The unseen planets of double belt debris disk systems
Andrew Shannon (Cambridge), Amy Bonsor (Cambridge), Quentin Kral, (Cambridge), Elisabeth Matthews (Exeter)

TL;DR
This paper uses N-body simulations to relate the properties of unseen planets to observed gaps in debris disks, providing equations to estimate planet masses and numbers based on disk observations and system age.
Contribution
It introduces a method to infer the minimum mass and number of planets responsible for creating gaps in debris disks, integrating simulation results with observational constraints.
Findings
Derived equations for minimum planet mass and number based on system age and gap properties.

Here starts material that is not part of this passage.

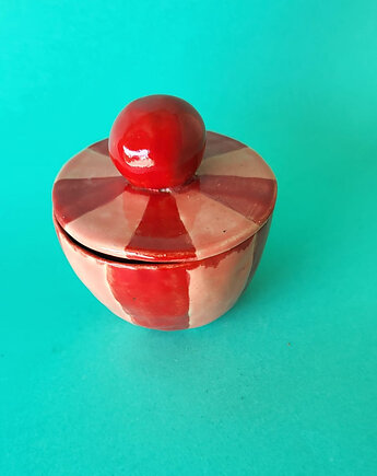 Piękna ceramiczna cukiernica, cukierniczka - różowo czerwona handmade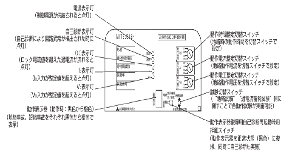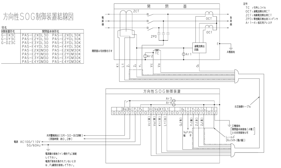 - 地絡事故時は、SOG制御装置(地絡継電器)が作動し、開閉器を開放させる。

Showed how to combine simulation-based estimates with direct imaging limits to infer unseen planets.
Provided a framework for estimating unseen planetary systems in debris disk systems.
Abstract
The gap between two component debris disks is often taken to be carved by intervening planets scattering away the remnant planetesimals. We employ N-body simulations to determine how the time needed to clear the gap depends on the location of the gap and the mass of the planets. We invert this relation, and provide an equation for the minimum planet mass, and another for the expected number of such planets, that must be present to produce an observed gap for a star of a given age. We show how this can be combined with upper limits on the planetary system from direct imaging non-detections (such as with GPI or SPHERE) to produce approximate knowledge of the planetary system.